=== Exercise description ===
Retype the entries exactly, but skip the pictures.

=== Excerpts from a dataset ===
════════
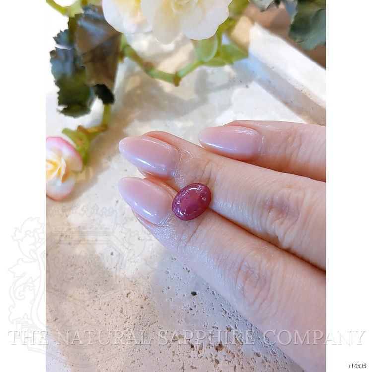 Our ruby requires no enhancement to unveil its innate beauty, reminding us of the authenticity and untouched splendor of the natural world. The cabochon cut, one of the earliest and most traditional styles of gemstone shaping, allows the ruby's inherent glow and vibrant color to take center stage, uninterrupted by facets. This mastery of simplicity bears witness to the ruby's power to impress with minimal intervention. With a smooth, polished surface, the gemstone captures and reflects light in soft hues, offering a serene yet striking appearance that appeals to those with a taste for classic elegance.
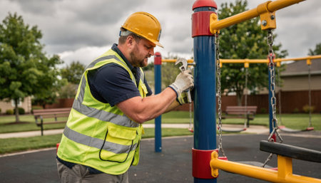 Male worker tightening bolts on a colorful swing set in a suburban playground with blurred trees and benches in the background under cloudy skies.
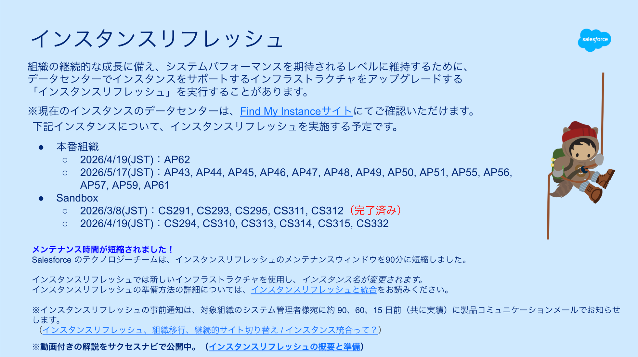 また、来月以降も本記事に記載されている日程で本番組織、Sandbox 組織ともにインスタンスリフレッシュが計画されています。
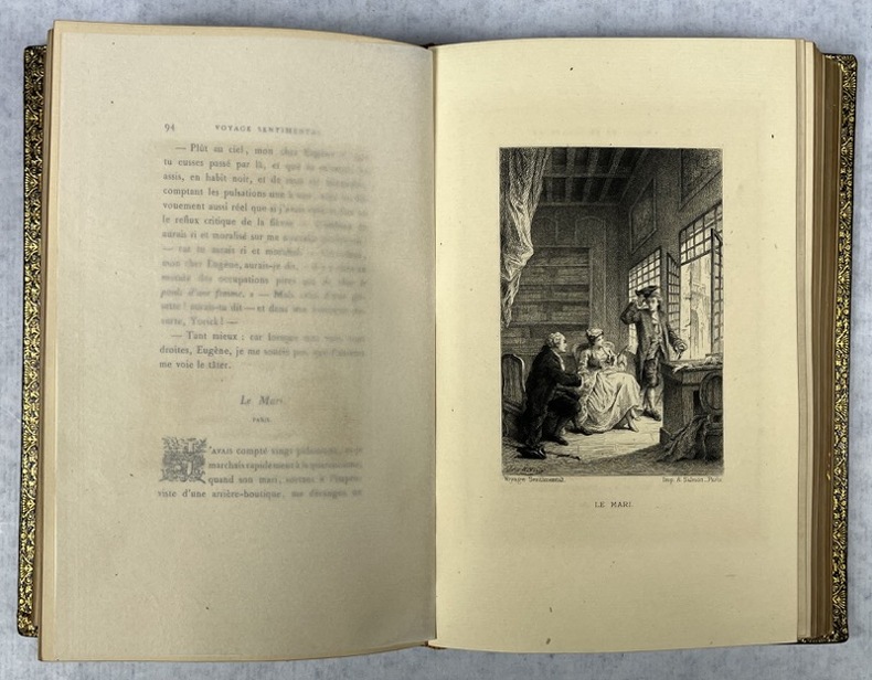 Traduction nouvelle. Précédé d'un essai sur la vie et le ouvrage de Sterne par M J JANIN. Edition illustrée par MM. TONY JOHANNOT et JACQUE. Paris, Ernest Bourdin, sans date (Circa 1841). 312 pages, 10 planches FORMAT: In-8 (16.5 x 25 cm) Reliure en demi-cuir (veau glacé). Dos lisse, doré du titre & de filets, ainsi que de de filets estampés à froid. Avec 10 gravures dessinées par Johannot tirées sur Chine et montées sur papier fort dont une en frontispice. Nombreuses vignettes gravées sur bois in-texte. Laurence Sterne (24 novembre 1713 Clonmel, Irlande - 18 mars 1768 Londres)fut un romancier et ecclésiastique britannique. Ses œuvres les plus célèbres sont The Life and Opinions of Tristram Shandy, Gentleman (Tristram Shandy), et A Sentimental Journey Through France and Italy (Voyage sentimental à travers la France et l'Italie) mais Sterne publia aussi des sermons, écrivit des mémoires et prit part à la vie politique locale. Il mourut à Londres après avoir combattu la tuberculose pendant de nombreuses années. POIDS: 1.1 kg
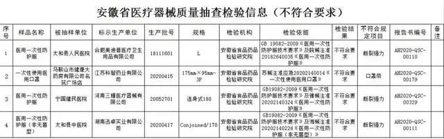 其中,在太和縣人民醫(yī)院抽樣的,標(biāo)示為合肥美迪普醫(yī)療衛(wèi)生用品有限公司生產(chǎn)的醫(yī)用一次性防護(hù)服,生產(chǎn)批號18111601,規(guī)格L;寧國健民醫(yī)院抽樣的,標(biāo)示為河南三耀醫(yī)療器械有限公司生產(chǎn)的醫(yī)用一次性防護(hù)服,生產(chǎn)批號20052701,規(guī)格連身式180;太和縣中醫(yī)院抽樣的,標(biāo)示為湖南迅卓實(shí)業(yè)有限公司生產(chǎn)的醫(yī)用一次性防護(hù)服(非無菌型),生產(chǎn)批號20200417,規(guī)格Conjoined/170;均斷裂強(qiáng)力不符合要求。
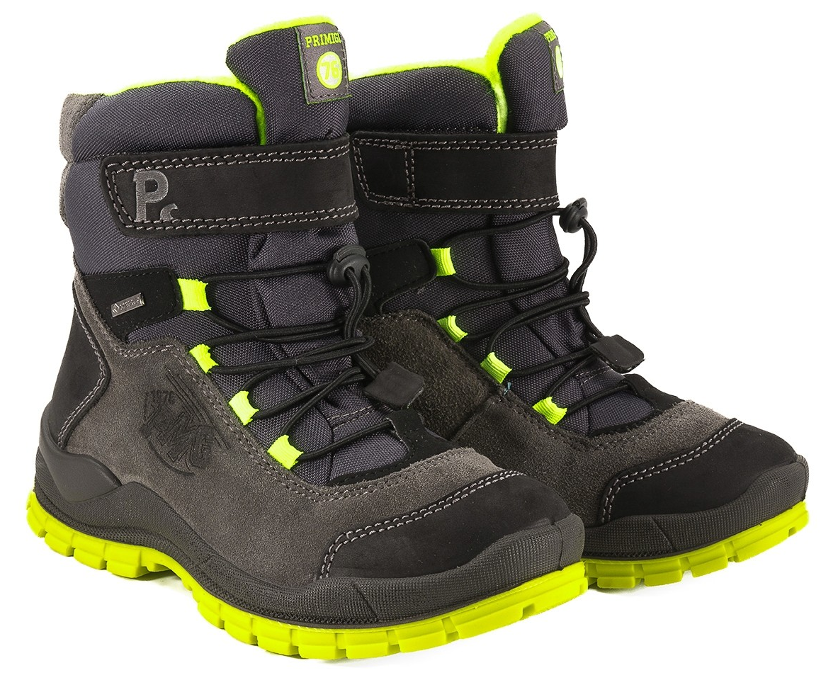 Zimní obuv italské firmy Primigi s membránou Gore-tex na suchý zip. Gore-Tex® membrána - je tenká vrstva, tvořena z 1,4 miliardami trychtýřových pórů. Tyto póry zajišťuji maximální možnost prodyšnosti a zároveň brání promoknutí. Tím se výrobky s použitím této technologie stávají takřka nepromokavé a zároveň maximálně prodyšné. Obuv má pevný opatek, maximálně ohebnou podešvi, jsou extrémně lehké. Svršek: kombinace kůže, textil. Uvnitř zateplené. Vyjímatelná zateplená stélka. Vyvýšená podešev zabraňuje okopání.
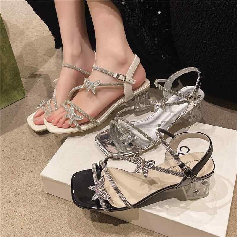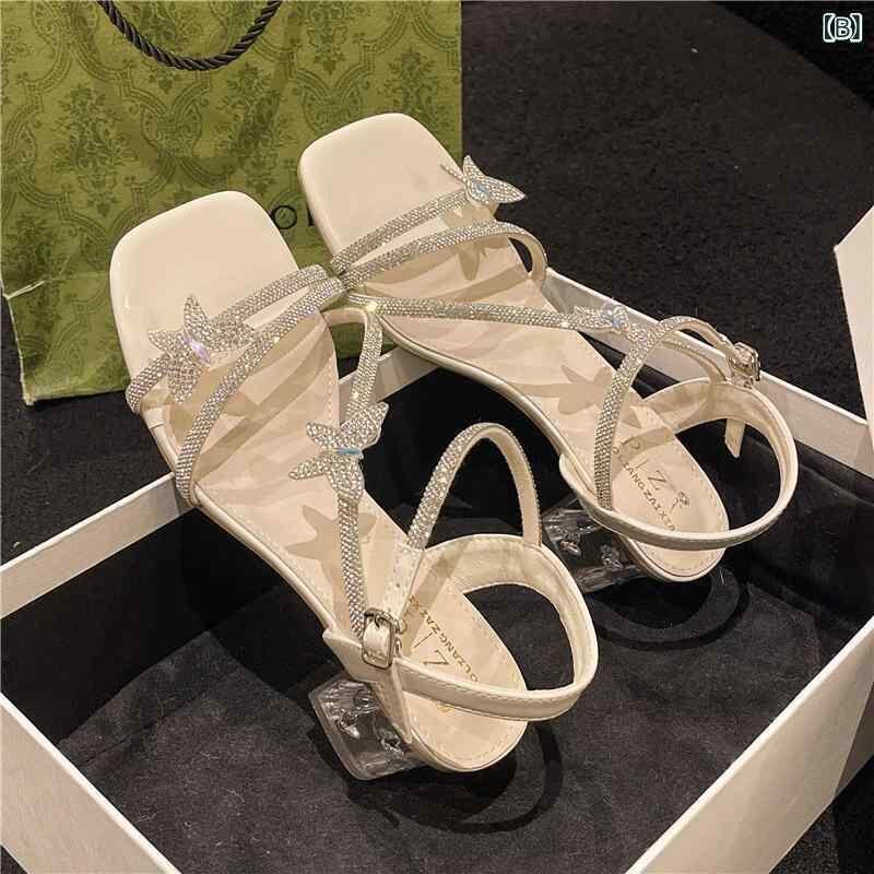 サンダル レディース ラインストーン 蝶々モチーフ ハイヒール ピンヒール スクエアトゥ オープントゥ ワンストラップ アンクルストラップ エレガント セクシー マイクロファイバー素材 パーティー 結婚式 二次会 ブラック ベージュ シルバー
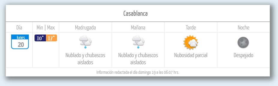 La DMC indica que comunas como Casablanca, Algarrobo, San Antonio y Cartagena registrarán precipitaciones aisladas en un horario similar.
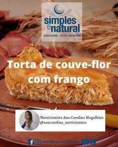 No Simples e Natural dessa semana, a Dra. Ana Carolina Magalhães, @anacarolina_nutricionista, nutricionista na Endocard Medicina Diagnóstica, ensina uma deliciosa receita de Torta de couve flor com frango. Confira os ingredientes:
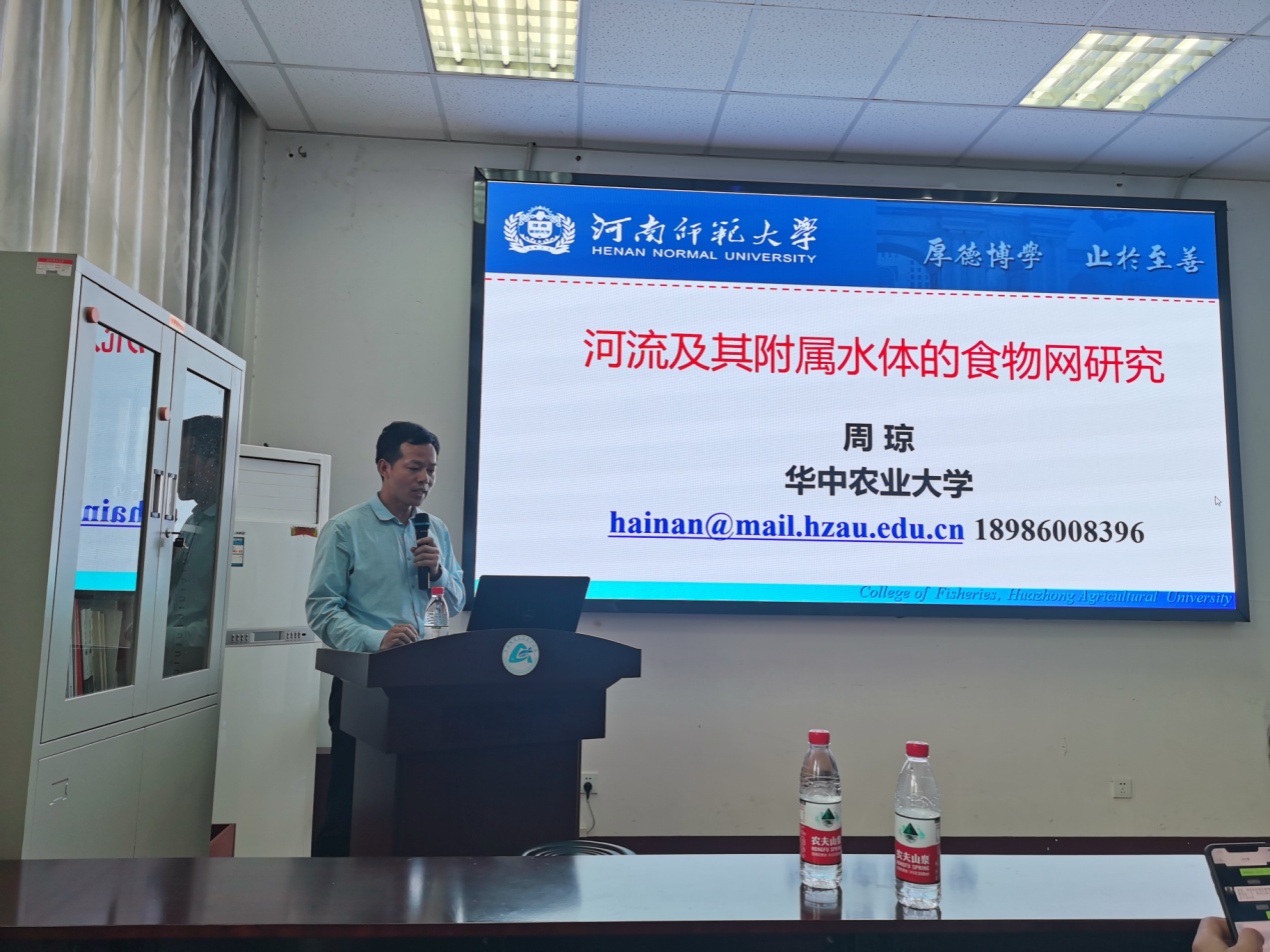 5月24日下午16:30-18:00,应我院邀请,华中农业大学水产学院周琼教授在我院水产楼202会议室作了题为“河流及其附属水体的食物网研究”的学术报告。学院教师、研究生和部分本科生共计70余人聆听报告会,会议由水产学院副院长李学军主持。
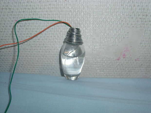 la tercera imagen muestra la botella (terminada) y el reflector con alambre de hierro todo alrededor de él.
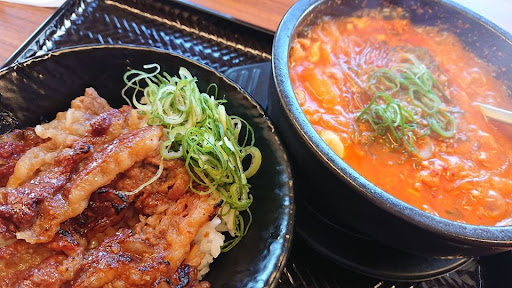 男性なら丼ものの大盛りや、 スン豆腐に、ラーメンやトッポギ追加、 また、丼もの単品とスン豆腐定食にして米ダブル、等でないと足りないかもしれないな、と、感じました。
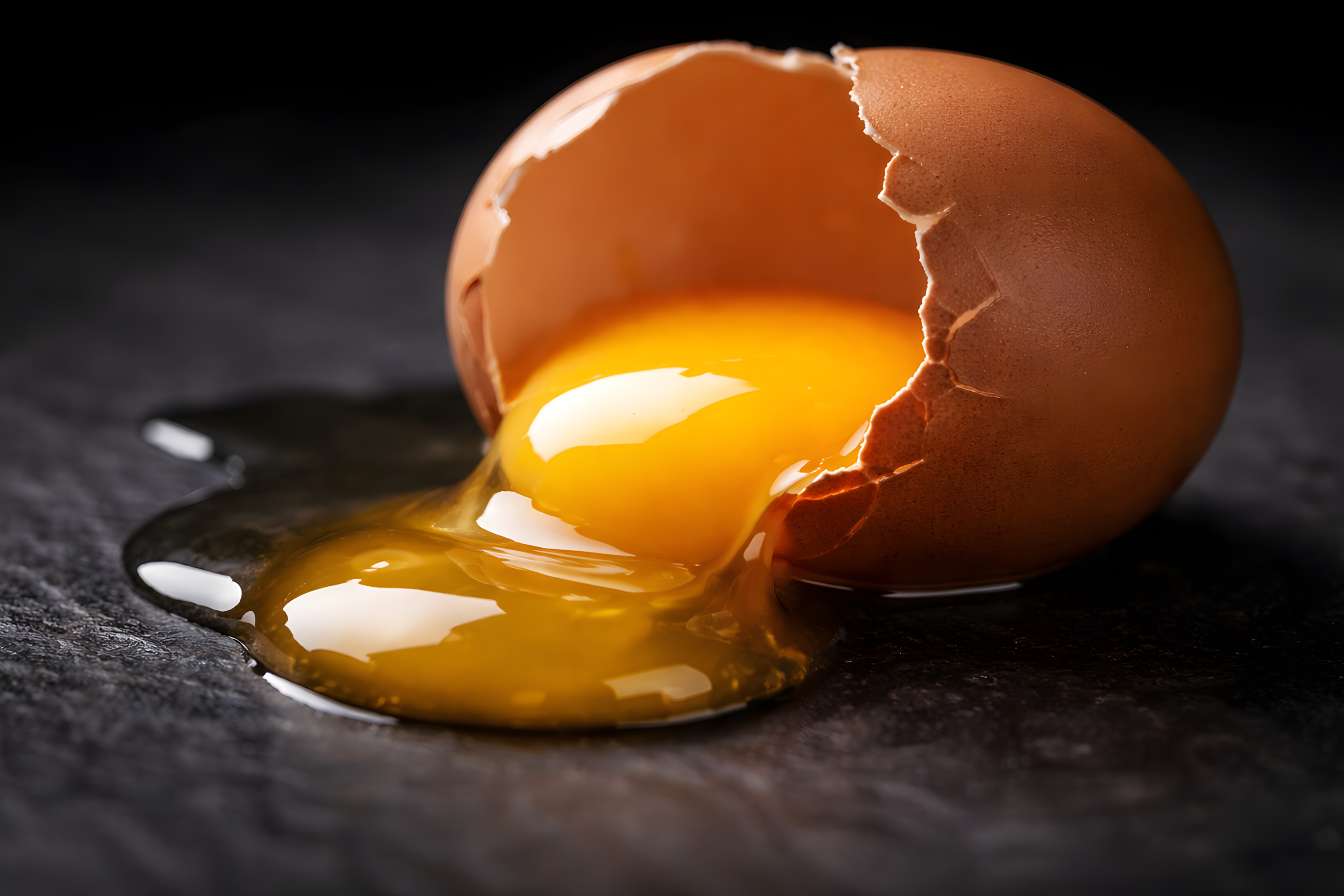 Das Bild zeigt ein zerbrochenes Hühnerei mit einem intensiv gelben Dotter auf einer dunklen Oberfläche. Die zerbrochene Eierschale lässt den Blick auf den leuchtend orangen Dotter frei, der sich auf der schwarzen Fläche abhebt. Die Nahaufnahme unterstreicht die feine Textur und den Kontrast zwischen den verschiedenen Elementen. Dieses Motiv eignet sich hervorragend für Rezepte, Kochbücher, Lebensmittelfotos oder Blogbeiträge rund um das Thema Frühstück, Kochen und Backen. Mit seinem minimalistischen Stil und der Farbgebung lässt es sich auch für Präsentationen, Newsletter oder Social-Media-Beiträge nutzen, um Akzente zu setzen und die Aufmerksamkeit des Betrachters zu fesseln.
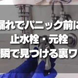 タンクやウォシュレット周辺も要チェックです。給水ホースの接続部や止水栓の根元を触って濡れていないか確認してください。配管に沿って上から下へ水滴が伝っていれば、接続不良が原因です。
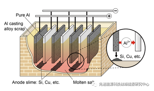 中國儲能網(wǎng)訊:利用重熔技術(shù)回收電池中鋁廢料會降低鋁的品位,而這種降級的再生鋁的最終沉降物是鑄鋁合金。隨著電動汽車廣泛應用,對高等級鋁的需求預計將增加,而低等級再生鋁的需求將下降。為了滿足未來對高品位鋁的需求,需要一種新的鋁回收方法。
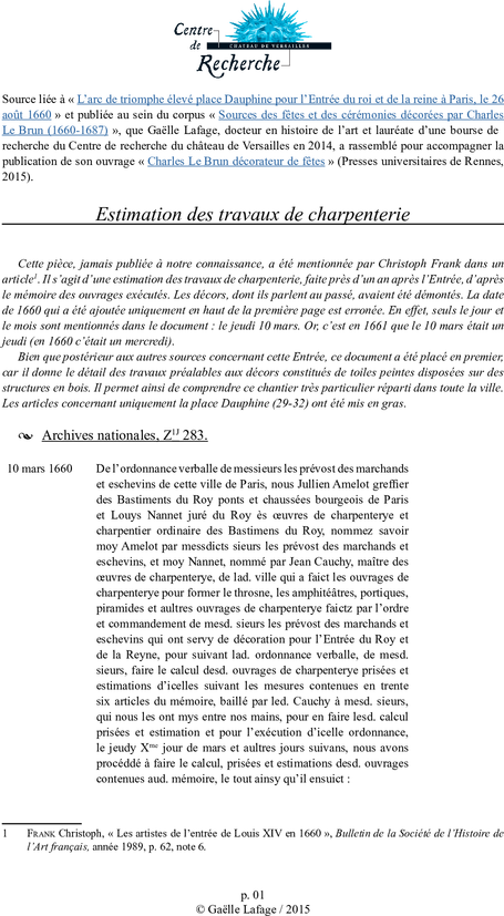 - Z/1/J 283, 10 mars 1660 (prisée des ouvrages de charpenterie exécutés pour l’Entrée).
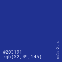 Цвет #203191 в цветовой модели RGB обозначается тремя октетами (32, 49, 145) в десятичном формате и #203191 в шестнадцатиричном (hex) формате, которые являются интенсивностью красного 32 (hex 20), интенсивность зелёного 49 (hex 31) и интенсивность синего 145 (hex 91).
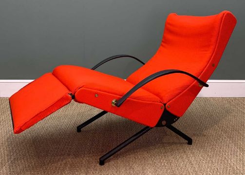 OSVALDO BORSANI FOR TECNO: MID-CENTURY P40 LOUNGE CHAIR, reclining, multi-adjustable chair, curved rubber sprung armrests, spare side panels (sun-bleached)Provenance: private collection Cardiff, family owned and seldom used from newComments: fabric appears to be original, headrest foam misshapen, some small brass work missing, fabric spotted, rubber slightly perished, foam filling disintegrating/powdery, original unrestored condition, inspection advised
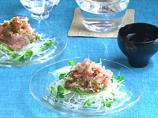 (8) 頭側の背の部分の皮を指先でこそげてとっかかりをつけ、尾側に向けて皮を引く。身を斜めに細く引き切りにする。
════════
=== Solution for this exercise ===
 Our ruby requires no enhancement to unveil its innate beauty, reminding us of the authenticity and untouched splendor of the natural world. The cabochon cut, one of the earliest and most traditional styles of gemstone shaping, allows the ruby's inherent glow and vibrant color to take center stage, uninterrupted by facets. This mastery of simplicity bears witness to the ruby's power to impress with minimal intervention. With a smooth, polished surface, the gemstone captures and reflects light in soft hues, offering a serene yet striking appearance that appeals to those with a taste for classic elegance.
 Male worker tightening bolts on a colorful swing set in a suburban playground with blurred trees and benches in the background under cloudy skies.
 また、来月以降も本記事に記載されている日程で本番組織、Sandbox 組織ともにインスタンスリフレッシュが計画されています。
 Traduction nouvelle. Précédé d'un essai sur la vie et le ouvrage de Sterne par M J JANIN. Edition illustrée par MM. TONY JOHANNOT et JACQUE. Paris, Ernest Bourdin, sans date (Circa 1841). 312 pages, 10 planches FORMAT: In-8 (16.5 x 25 cm) Reliure en demi-cuir (veau glacé). Dos lisse, doré du titre & de filets, ainsi que de de filets estampés à froid. Avec 10 gravures dessinées par Johannot tirées sur Chine et montées sur papier fort dont une en frontispice. Nombreuses vignettes gravées sur bois in-texte. Laurence Sterne (24 novembre 1713 Clonmel, Irlande - 18 mars 1768 Londres)fut un romancier et ecclésiastique britannique. Ses œuvres les plus célèbres sont The Life and Opinions of Tristram Shandy, Gentleman (Tristram Shandy), et A Sentimental Journey Through France and Italy (Voyage sentimental à travers la France et l'Italie) mais Sterne publia aussi des sermons, écrivit des mémoires et prit part à la vie politique locale. Il mourut à Londres après avoir combattu la tuberculose pendant de nombreuses années. POIDS: 1.1 kg
 其中,在太和縣人民醫(yī)院抽樣的,標(biāo)示為合肥美迪普醫(yī)療衛(wèi)生用品有限公司生產(chǎn)的醫(yī)用一次性防護(hù)服,生產(chǎn)批號18111601,規(guī)格L;寧國健民醫(yī)院抽樣的,標(biāo)示為河南三耀醫(yī)療器械有限公司生產(chǎn)的醫(yī)用一次性防護(hù)服,生產(chǎn)批號20052701,規(guī)格連身式180;太和縣中醫(yī)院抽樣的,標(biāo)示為湖南迅卓實(shí)業(yè)有限公司生產(chǎn)的醫(yī)用一次性防護(hù)服(非無菌型),生產(chǎn)批號20200417,規(guī)格Conjoined/170;均斷裂強(qiáng)力不符合要求。
 Zimní obuv italské firmy Primigi s membránou Gore-tex na suchý zip. Gore-Tex® membrána - je tenká vrstva, tvořena z 1,4 miliardami trychtýřových pórů. Tyto póry zajišťuji maximální možnost prodyšnosti a zároveň brání promoknutí. Tím se výrobky s použitím této technologie stávají takřka nepromokavé a zároveň maximálně prodyšné. Obuv má pevný opatek, maximálně ohebnou podešvi, jsou extrémně lehké. Svršek: kombinace kůže, textil. Uvnitř zateplené. Vyjímatelná zateplená stélka. Vyvýšená podešev zabraňuje okopání.
 サンダル レディース ラインストーン 蝶々モチーフ ハイヒール ピンヒール スクエアトゥ オープントゥ ワンストラップ アンクルストラップ エレガント セクシー マイクロファイバー素材 パーティー 結婚式 二次会 ブラック ベージュ シルバー
 La DMC indica que comunas como Casablanca, Algarrobo, San Antonio y Cartagena registrarán precipitaciones aisladas en un horario similar.
 No Simples e Natural dessa semana, a Dra. Ana Carolina Magalhães, @anacarolina_nutricionista, nutricionista na Endocard Medicina Diagnóstica, ensina uma deliciosa receita de Torta de couve flor com frango. Confira os ingredientes:
 5月24日下午16:30-18:00,应我院邀请,华中农业大学水产学院周琼教授在我院水产楼202会议室作了题为“河流及其附属水体的食物网研究”的学术报告。学院教师、研究生和部分本科生共计70余人聆听报告会,会议由水产学院副院长李学军主持。
 la tercera imagen muestra la botella (terminada) y el reflector con alambre de hierro todo alrededor de él.
 男性なら丼ものの大盛りや、 スン豆腐に、ラーメンやトッポギ追加、 また、丼もの単品とスン豆腐定食にして米ダブル、等でないと足りないかもしれないな、と、感じました。
 Das Bild zeigt ein zerbrochenes Hühnerei mit einem intensiv gelben Dotter auf einer dunklen Oberfläche. Die zerbrochene Eierschale lässt den Blick auf den leuchtend orangen Dotter frei, der sich auf der schwarzen Fläche abhebt. Die Nahaufnahme unterstreicht die feine Textur und den Kontrast zwischen den verschiedenen Elementen. Dieses Motiv eignet sich hervorragend für Rezepte, Kochbücher, Lebensmittelfotos oder Blogbeiträge rund um das Thema Frühstück, Kochen und Backen. Mit seinem minimalistischen Stil und der Farbgebung lässt es sich auch für Präsentationen, Newsletter oder Social-Media-Beiträge nutzen, um Akzente zu setzen und die Aufmerksamkeit des Betrachters zu fesseln.
 タンクやウォシュレット周辺も要チェックです。給水ホースの接続部や止水栓の根元を触って濡れていないか確認してください。配管に沿って上から下へ水滴が伝っていれば、接続不良が原因です。
 中國儲能網(wǎng)訊:利用重熔技術(shù)回收電池中鋁廢料會降低鋁的品位,而這種降級的再生鋁的最終沉降物是鑄鋁合金。隨著電動汽車廣泛應用,對高等級鋁的需求預計將增加,而低等級再生鋁的需求將下降。為了滿足未來對高品位鋁的需求,需要一種新的鋁回收方法。
 - Z/1/J 283, 10 mars 1660 (prisée des ouvrages de charpenterie exécutés pour l’Entrée).
 Цвет #203191 в цветовой модели RGB обозначается тремя октетами (32, 49, 145) в десятичном формате и #203191 в шестнадцатиричном (hex) формате, которые являются интенсивностью красного 32 (hex 20), интенсивность зелёного 49 (hex 31) и интенсивность синего 145 (hex 91).
 OSVALDO BORSANI FOR TECNO: MID-CENTURY P40 LOUNGE CHAIR, reclining, multi-adjustable chair, curved rubber sprung armrests, spare side panels (sun-bleached)Provenance: private collection Cardiff, family owned and seldom used from newComments: fabric appears to be original, headrest foam misshapen, some small brass work missing, fabric spotted, rubber slightly perished, foam filling disintegrating/powdery, original unrestored condition, inspection advised
 (8) 頭側の背の部分の皮を指先でこそげてとっかかりをつけ、尾側に向けて皮を引く。身を斜めに細く引き切りにする。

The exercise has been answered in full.